It is a hard decision because of how it might be seen too. I so do not want people to see it as doing a U-turn, or as a start-over. I now have 5 years of experience in computational biology and I am afraid of hearing “you are just fresh out of your Ph.D. and we thus don’t think you are yet qualified for a lead role in our company.” from an HR manager after my Ph.D.📆👨💼 To me, it is a continuation of my career. Ph.D.s can be many things and I see mine as a kind of post-doc or a long sabbatical.
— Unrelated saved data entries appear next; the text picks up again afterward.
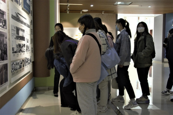 进入科技综合楼大门,宁夏大学“尚德、勤学、求是、创新”的校训映入眼帘,同学们驻足仰目以示敬意后,便开启了探索学校历史之旅。图文并茂的展板、古朴厚重的实物相辅相成,囊括了党建和思想政治教育、科研教学、人才培养、对外交流与合作等方面的内容,向同学们呈现出学校光荣而悠久的历史。这是一部一代代宁大人艰苦奋斗、自力更生、负重拼搏的发展史,充分展现了宁大人与党同心、改革创新、奋发有为的精神特质。
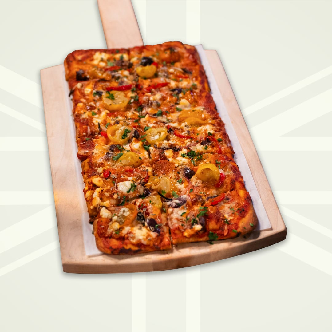 flatbread brushed with garlic butter & baked with tomato sauce, garlic marinated tomatoes, mixed cheese, feta, onion, red bell peppers & kalamata olives.
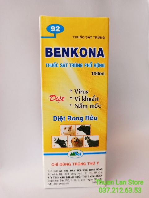 Thuốc trị nấm BenkonaSản xuất từ hoạt chất Benzalkonium Chloride 100g; Amyl acetate 0,1ml; Glutaraldehyde.
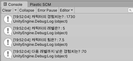 Debug.Log("캐릭터는 만렙인가?" + isFullLevel);
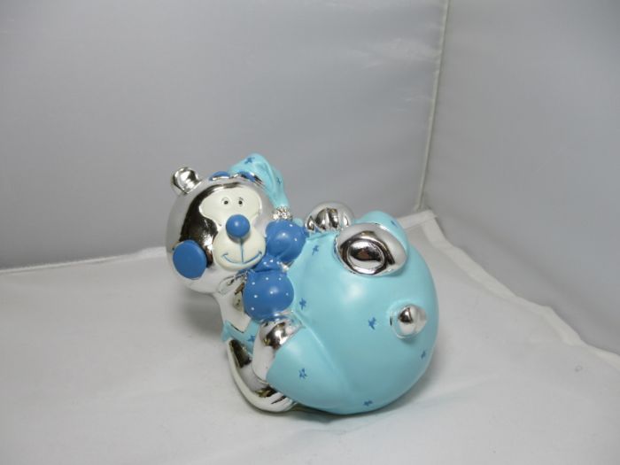 salvadanaio in resina argentata celeste
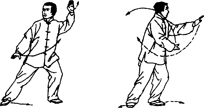 3 .左脚外摆;右脚里扣,左腿屈膝,重心后移,上体随 之左转(胸向南)成左横弓步;随转体左手向上,经面前向左 划弧举至左肩前上方,腕略高于肩;右手经体前向下划弧落于

Moreover, staying for such a short period in companies is not seen well. For very sensible reasons. But startups are a special environment, especially so early-stage. I have stayed for 3.5 years at Broad. Much longer than most people in my position there. I have worked on my project, PiPle, for more than 5 years. I also think I have shown how much I cared for Whitelab and the personal dedication I have put in and continue to, in the company. 🌟🤝
Finally, I feel I have actually learned a lot more in these 10 months than I had in a long time. From structural biology and drug discovery to business and management, the startup ecosystem, and cell and gene therapies. This is really thanks to these fast-paced environments and all the people I have been lucky to work with.
the many lessons learned
With my previous experience in building a company, I would not have expected to learn that much from being in a startup. I think I did not realize the major steps that going from a company of 1 to 5 people is compared to 5 to 20 and 20 to 100, etc… each growth cycle is a full reinvention of the company culture, it is new challenges and things get exponentially more complex for the C-levels (i.e. the executive team: CEO, CTO, CSO, CFO, HR manager, etc)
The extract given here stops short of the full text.